#### AVAILABLE DATA
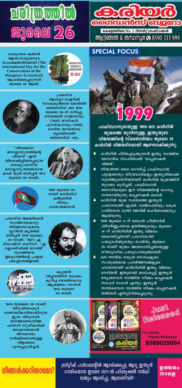 à´šà´°à´¿à´¤àµà´°à´¤àµà´¤à´¿àµ½ ഇനàµà´¨àµ (JULY 26)
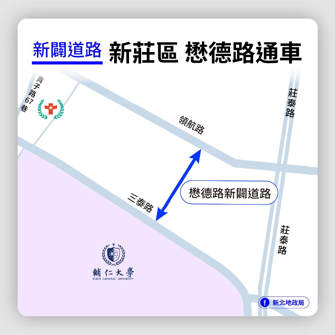 經常往返輔仁大學附近、新莊副都心及機捷泰山站周邊的用路人請留意,塭仔圳第一區兩條新闢道路將於11月27日上午10時正式通車!開放通行的道路包含鄰近輔大醫院的「懋德路」,可串聯領航路與三泰路,以及靠近機捷泰山站的「環泰二路」則銜接泰林路與中環路,通車後將有效提升主要幹道間的銜接效率,強化區域整體路網連結,讓塭仔圳第一區及周邊地區的交通更加順暢。
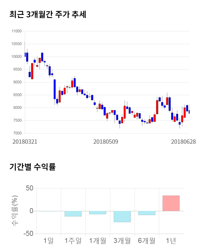 [그림 1] 최근 3개월 간 주가 추세 및 기간별 수익률
########
→ **PROBLEM DESCRIPTION**
Quote the material above exactly, from the line holding "經常往返輔仁大學附近、新莊副" through its last line, including both. Omit the pictures.

→ **REPLY**
 經常往返輔仁大學附近、新莊副都心及機捷泰山站周邊的用路人請留意,塭仔圳第一區兩條新闢道路將於11月27日上午10時正式通車!開放通行的道路包含鄰近輔大醫院的「懋德路」,可串聯領航路與三泰路,以及靠近機捷泰山站的「環泰二路」則銜接泰林路與中環路,通車後將有效提升主要幹道間的銜接效率,強化區域整體路網連結,讓塭仔圳第一區及周邊地區的交通更加順暢。
 [그림 1] 최근 3개월 간 주가 추세 및 기간별 수익률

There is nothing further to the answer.